*DIRECTIONS*: The records below are to be restated word for word; their pictures are not.
┄┄┄┄┄┄┄┄┄┄
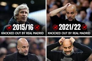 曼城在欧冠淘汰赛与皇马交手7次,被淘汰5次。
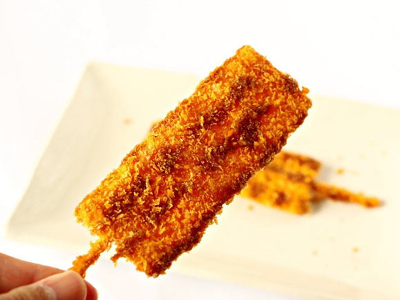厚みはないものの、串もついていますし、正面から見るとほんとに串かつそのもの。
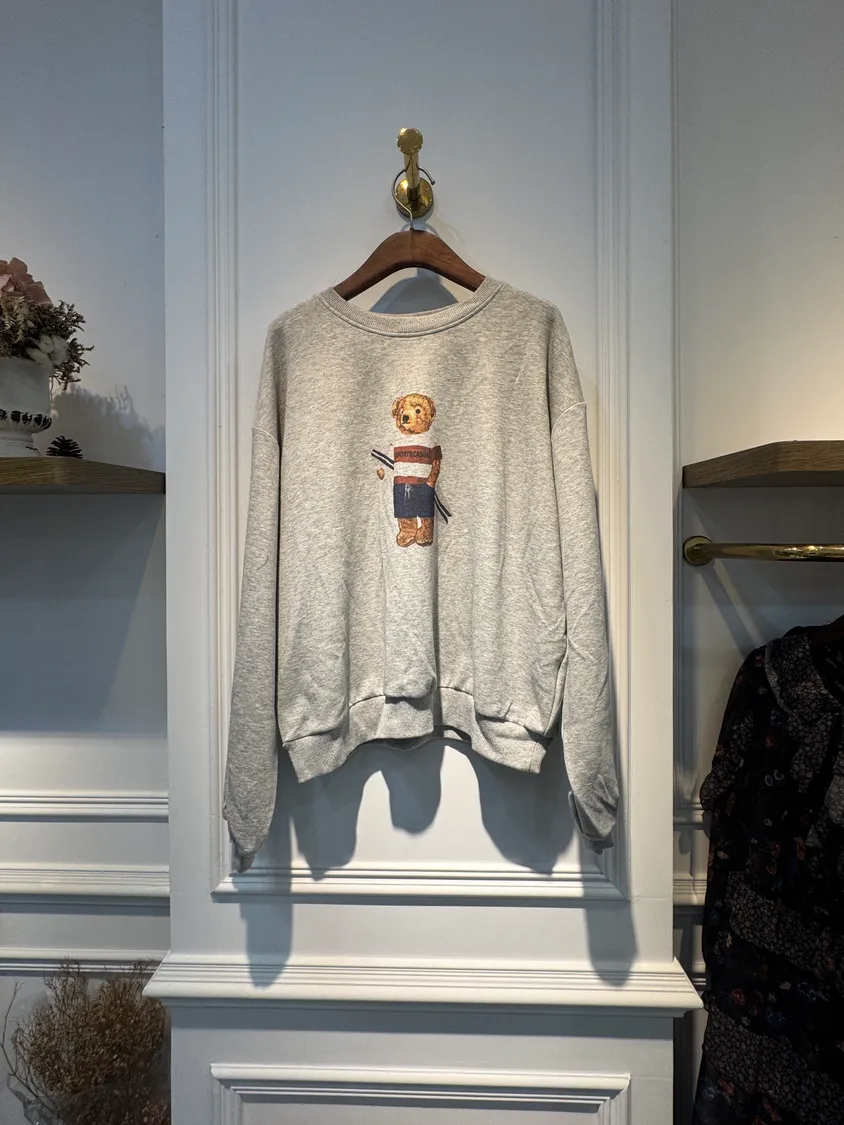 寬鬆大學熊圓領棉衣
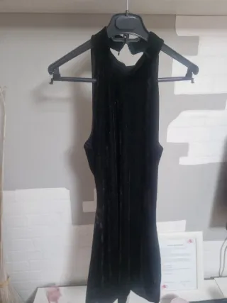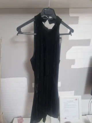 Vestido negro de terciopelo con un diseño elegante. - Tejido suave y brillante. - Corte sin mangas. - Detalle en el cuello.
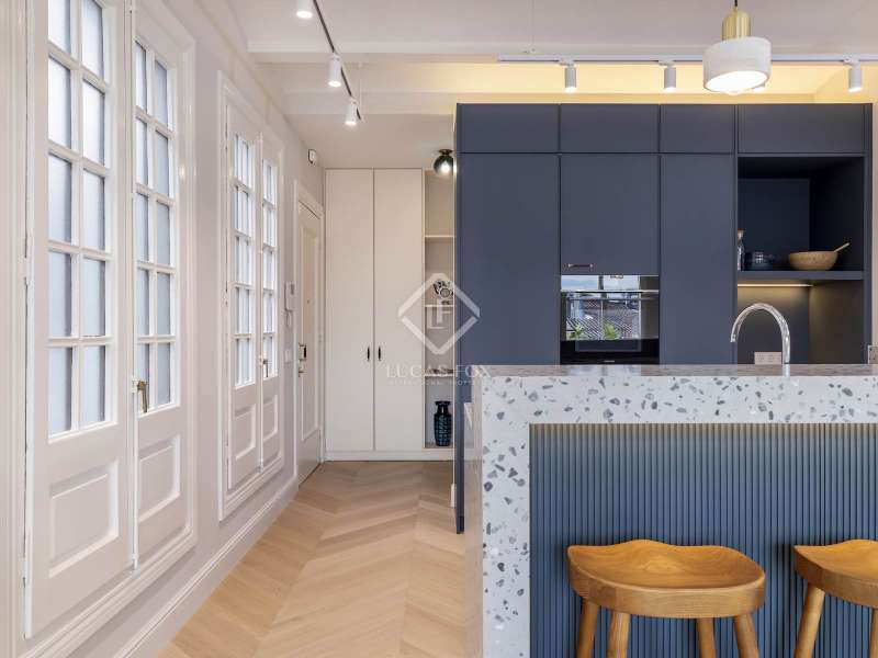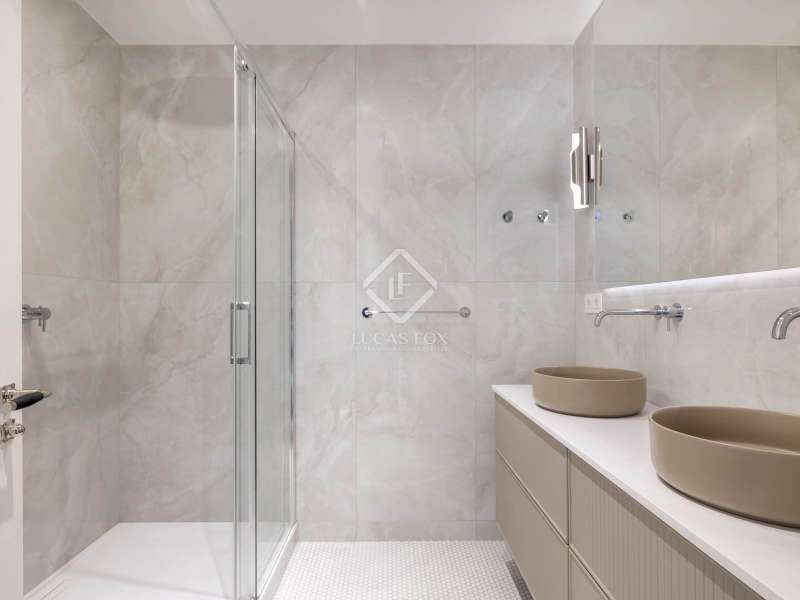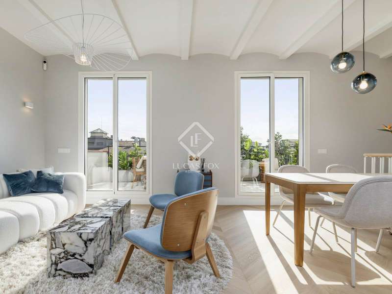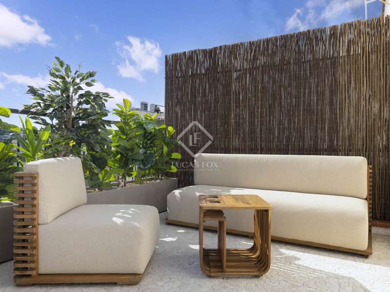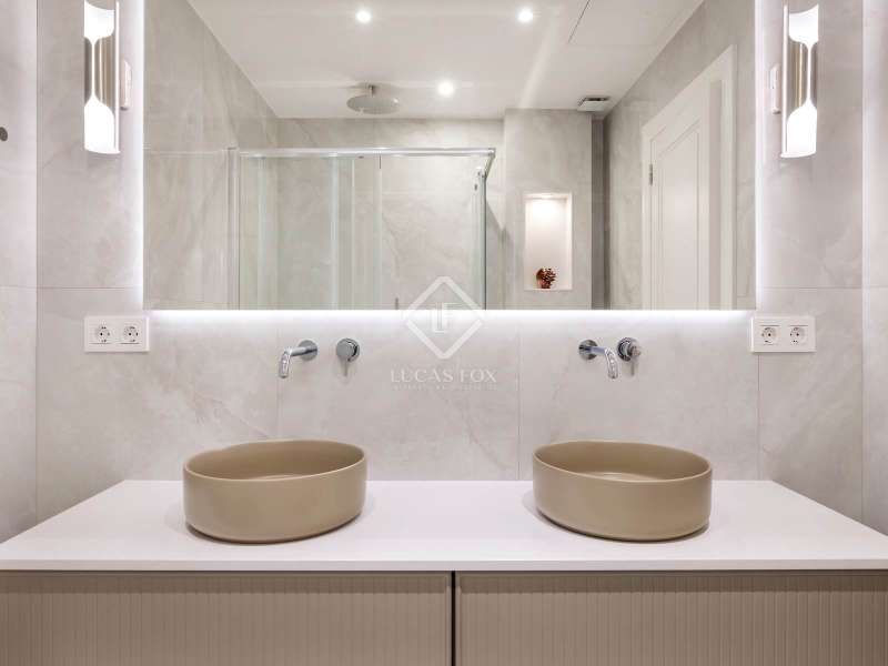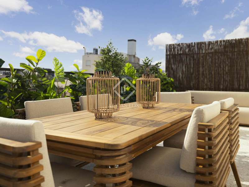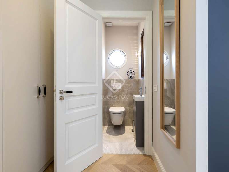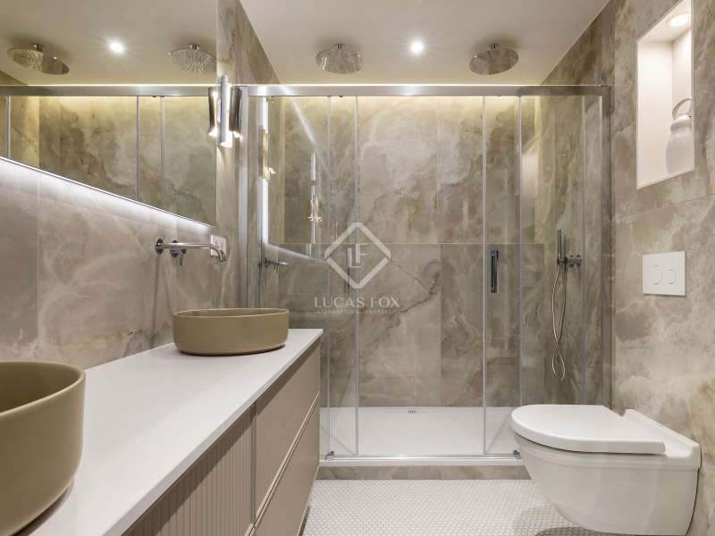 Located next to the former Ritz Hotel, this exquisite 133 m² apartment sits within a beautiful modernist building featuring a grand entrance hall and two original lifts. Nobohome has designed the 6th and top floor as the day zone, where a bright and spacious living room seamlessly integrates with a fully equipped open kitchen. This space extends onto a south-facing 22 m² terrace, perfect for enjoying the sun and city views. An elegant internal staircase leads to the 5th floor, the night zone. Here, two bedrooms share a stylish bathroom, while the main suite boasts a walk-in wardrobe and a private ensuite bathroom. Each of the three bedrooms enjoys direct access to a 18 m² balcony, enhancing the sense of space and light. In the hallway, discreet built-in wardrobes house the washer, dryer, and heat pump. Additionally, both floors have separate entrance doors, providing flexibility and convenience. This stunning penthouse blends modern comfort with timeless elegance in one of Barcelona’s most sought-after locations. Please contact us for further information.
┄┄┄┄┄┄┄┄┄┄
*WRITTEN REPLY*:
 曼城在欧冠淘汰赛与皇马交手7次,被淘汰5次。
厚みはないものの、串もついていますし、正面から見るとほんとに串かつそのもの。
 寬鬆大學熊圓領棉衣
 Vestido negro de terciopelo con un diseño elegante. - Tejido suave y brillante. - Corte sin mangas. - Detalle en el cuello.
 Located next to the former Ritz Hotel, this exquisite 133 m² apartment sits within a beautiful modernist building featuring a grand entrance hall and two original lifts. Nobohome has designed the 6th and top floor as the day zone, where a bright and spacious living room seamlessly integrates with a fully equipped open kitchen. This space extends onto a south-facing 22 m² terrace, perfect for enjoying the sun and city views. An elegant internal staircase leads to the 5th floor, the night zone. Here, two bedrooms share a stylish bathroom, while the main suite boasts a walk-in wardrobe and a private ensuite bathroom. Each of the three bedrooms enjoys direct access to a 18 m² balcony, enhancing the sense of space and light. In the hallway, discreet built-in wardrobes house the washer, dryer, and heat pump. Additionally, both floors have separate entrance doors, providing flexibility and convenience. This stunning penthouse blends modern comfort with timeless elegance in one of Barcelona’s most sought-after locations. Please contact us for further information.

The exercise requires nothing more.